Tive uma vez uma queixa para o Ministério. Daqueles alunos e pais que acham que os meninos têm de passar [de ano] e ter tudo, porque eu supostamente discriminava o aluno por causa das notas. Foi recente, fui chamada à direção da escola, tive de fazer um relatório, mas já passou. Foi rápido e não se constituiu como processo, porque eles na direção aceitaram o relatório. O Ministério depois averigua, mas vai primeiro para a direção. Mas são coisas chatas. As pessoas estão muitas vezes habituadas a um tipo de metodologia, que é o livro, só e exclusivamente, e quando mudamos e tentamos pôr as pessoas a pensar, isso dá trabalho. O aluno estudou pelo manual e depois a professora até faz outras perguntas que não estão lá. Tenho alguns alunos que se queixam disso. E o que eu digo sempre agora: é o perfil do aluno e as aprendizagens essenciais que contam. É que o perfil do aluno à saída do ensino obrigatório (PASEO) diz muita coisa. Agora, no 12º ano de Geologia, não há manual. Inclusivamente, o Ministério da Educação não exige que haja um. Porquê? Porque o manual é uma interpretação de um programa, que pode não estar correta. Saiu o de todas as disciplinas menos o de Geologia. E, então, na APG, pensou em fazer-se um manual. Por que não? Mas, lá está a tal história, o manual não é obrigatório, cada professor pode fazer a sua interpretação e dá-la aos alunos. A Geologia agora não tem manual, mas as pessoas estão muito agarradas a um livro, a um guia, e nem toda a gente tem pancada, como eu. (risos)

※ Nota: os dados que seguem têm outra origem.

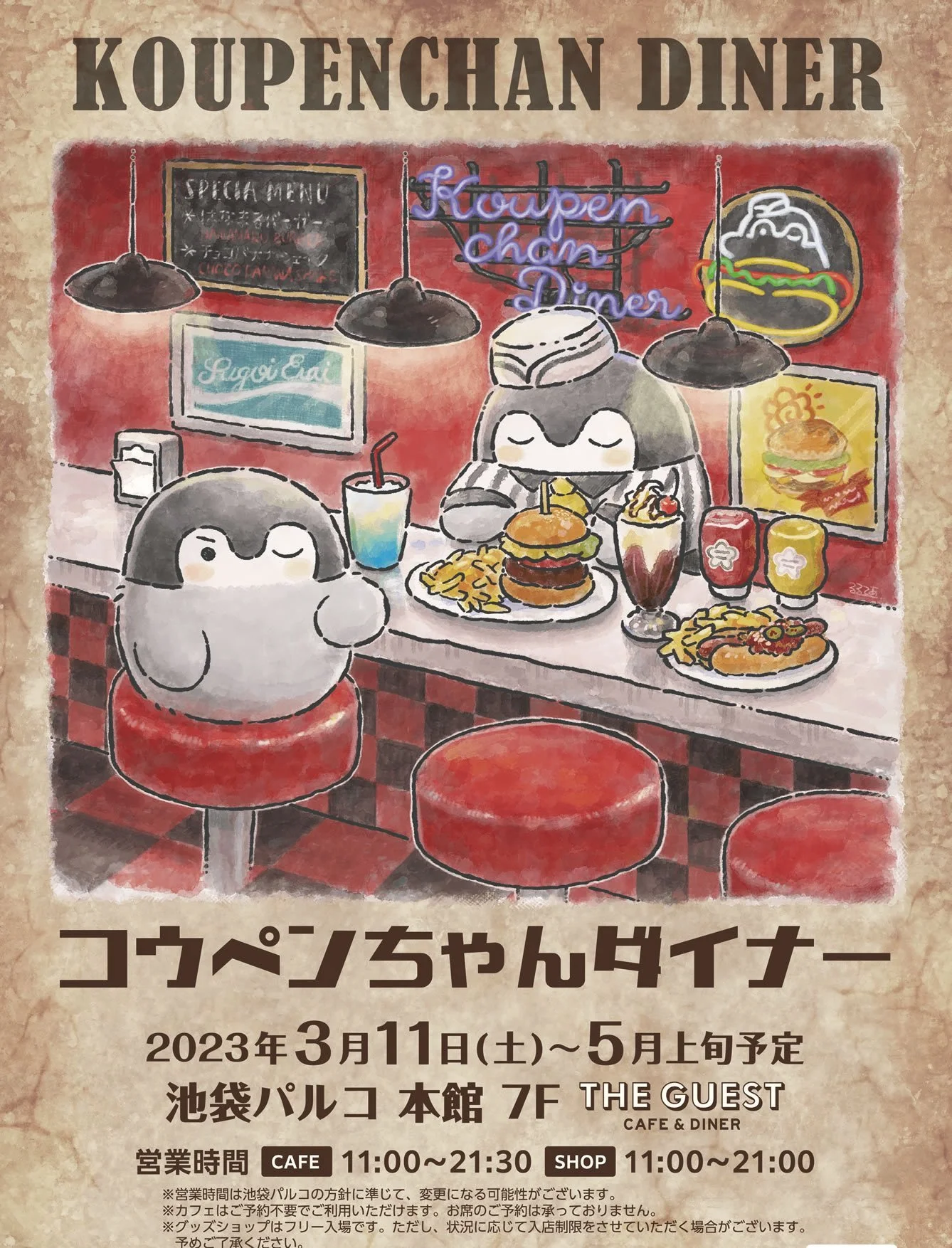 This collaboration is with Koupen-chan and a café/diner called THE GUEST, which has locations in multiple parts of Japan. It seems this particular collaboration will be held at the locations in the Tokyo and Aichi prefectures (Ikebukuro and Nagoya, respectively). Both locations are in PARCO department stores.

21. Se pudesse viajar no tempo geológico e assistir a um evento concreto qualquer, qual seria?
A formação da Pangeia, por exemplo. A Zona Sul Portuguesa, a analogia da experiência que fiz para o último artigo do doutoramento, há quem diga que é Avalónia, não é? Mas não se pode dizer com toda a certeza que é Avalónia e eu gostava de saber! (risos)

Intraclasto
Grés de Silves, mesmo de Silves

"Trouxe um bocado de Grés de Silves que anda ali em casa da minha mãe já há muitos anos, de certeza deve ter sido o meu pai que trouxe, e está desgastada. Porquê? Porque em Silves usavam aquela pedra para afiar facas! Isso é mais uma prova que uma pedra que supostamente é mole, não é mole nada, porque serve para afiar facas!" (risos)
Geomanias
Rocha preferida? Basalto
Mineral preferido? Olivina
Fóssil preferido? Rudista
Unidade litostratigráfica preferida? Pode ser o CVL [Complexo Vulcânico de Lisboa], que eu tenho muita curiosidade e acho que não está tudo explorado
Recursos minerais metálicos ou não metálicos? Metálicos! Sim, e gosto mais da Idade do Ferro do que da Idade da Pedra! (risos)
Era, Período, Época ou Idade preferido? Carbónico
Trabalho de campo ou de gabinete? Campo
Martelo ou microscópio? Martelo
Pedra mole ou pedra dura? Não concordo com a dicotomia! (risos) Uma pedra dura também pode ser mole, não é? Pode-se decompor, desagregar…
Esparrite, esparite, sparite ou sparrite?Não uso, mas parece-me que é melhor a esparrite.